Fielddata-testidNotes
Webhook endpointautomation-webhook-endpointThe path the platform exposes (e.g. /webhook/entraid). Provide this URL to the upstream system.
Webhook secretautomation-webhook-secretShared secret. Reference an env var or secret store entry.
Signature headerautomation-webhook-sig-headerHTTP header name where the upstream system places the signature (e.g. X-Slack-Signature).
Signature algorithmautomation-webhook-sig-algorithmAlgorithm used to compute the signature (e.g. HMAC-SHA256).
Subject templateautomation-subject-templateTemplated NATS-style subject the event is published to: e.g. identity.{{ payload.userId }}.

10Automation: poller mode

Step 10.1

When to use polling

Pick Poller (automation-mode-poller) when the upstream doesn't expose webhooks. EmpowerNow runs a recurring command and emits an event for each new record.

Fielddata-testidNotes
Intervalautomation-poller-intervalHow often to poll (seconds or cron expression).
Command refautomation-poller-command-refName of the command to call on each tick. Must exist in the Designer.
State keyautomation-poller-state-keyField on each result used as a watermark (e.g. updated_at). The poller keeps a "last seen" value to avoid double-emits.
Timestampautomation-poller-timestampISO timestamp field that anchors the poll window.
Step 10.2

Hybrid mode

Some systems support both: a webhook for the most common events plus a polling sweep to catch anything missed.

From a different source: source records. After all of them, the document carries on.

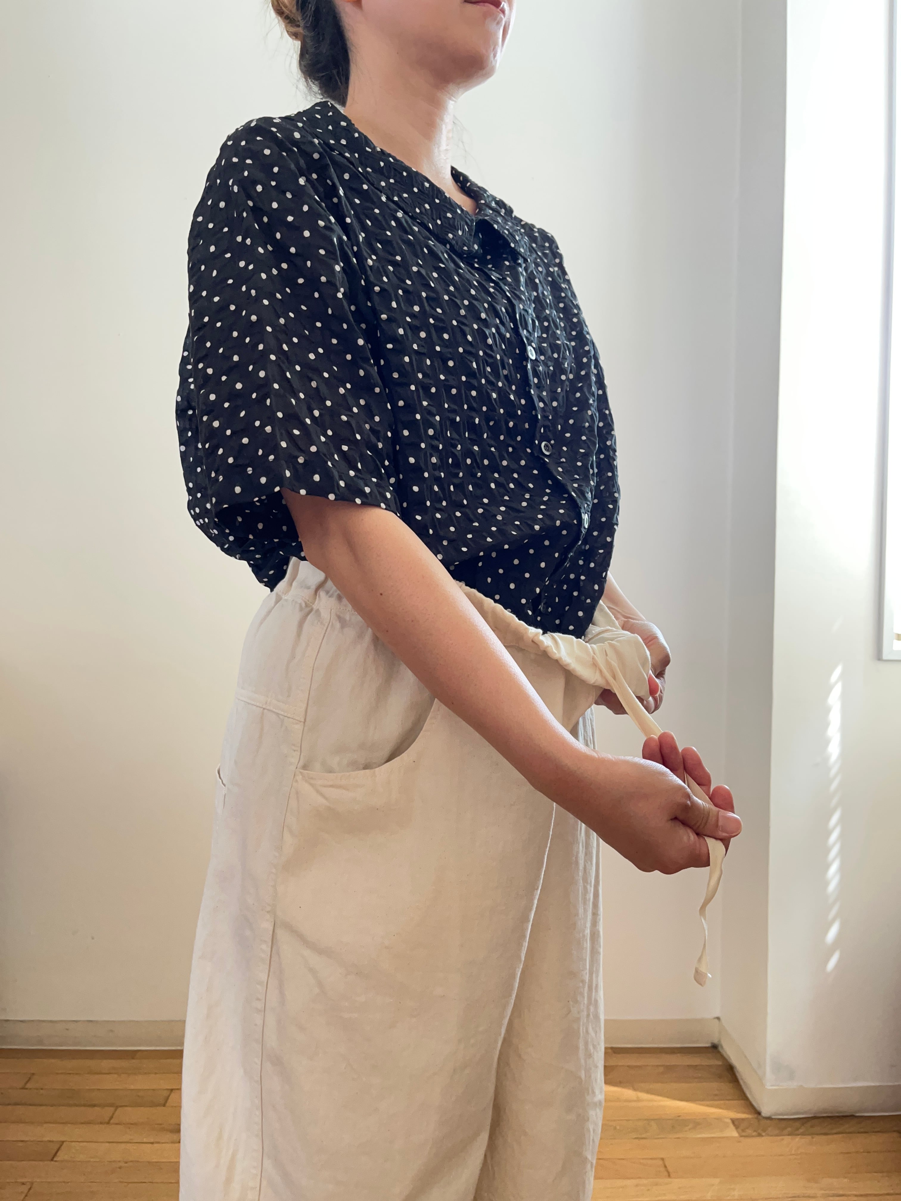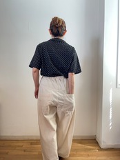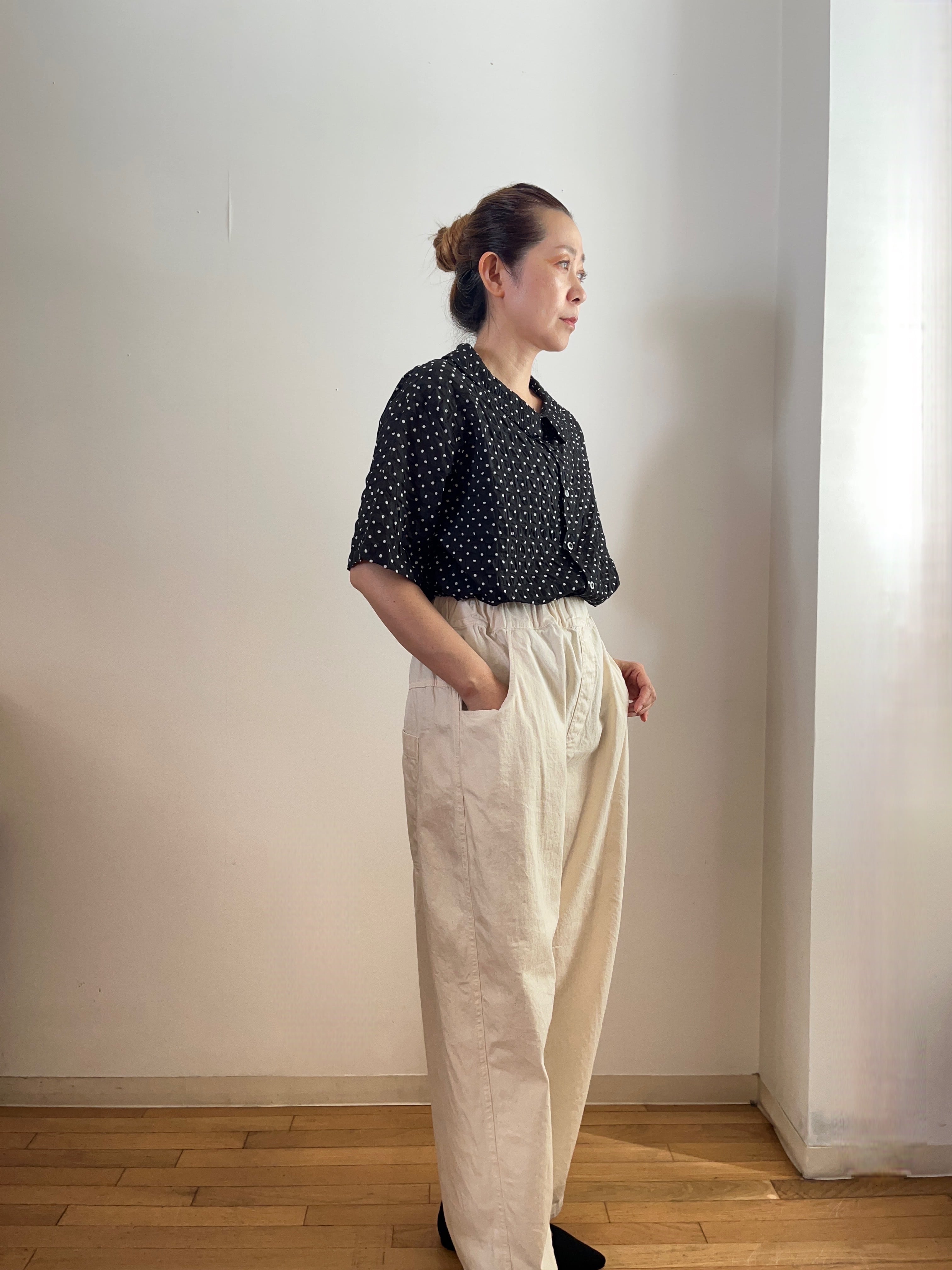 ゆったりとしたシルエットながらも綺麗なラインを演出してくれる8オンスムラデニムです。気になる部分をさりげなく隠して、おしゃれに決まるストレートシルエットです。もちろんウエストゴムで楽に履いていただけます。フェイクのフライ部分は、飾りステッチでメンズライクな印象に。口の大きいポケットは、手がすっぽりと入ります。バックにも印象的なポケットを配置しています。
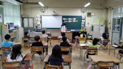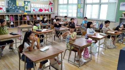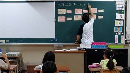 1時間目、2年生が算数の学習をしています。「計算しんけいすいじゃく」をしています。かけ算のしきを学習しています。
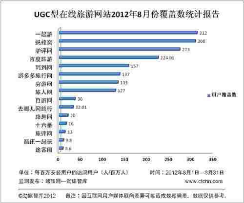 (图一:主要UGC在线旅游网站8月份用户覆盖数统计)

Pick Hybrid in the Mode toggle and configure both blocks. The platform deduplicates by the state key.

βœ…
Validate the ingress before relying on it

After saving, watch the platform-ops dashboards or the system's mind-map node detail to confirm events are flowing. Webhooks: send a synthetic event from the upstream. Pollers: wait one interval and check the last-seen state key.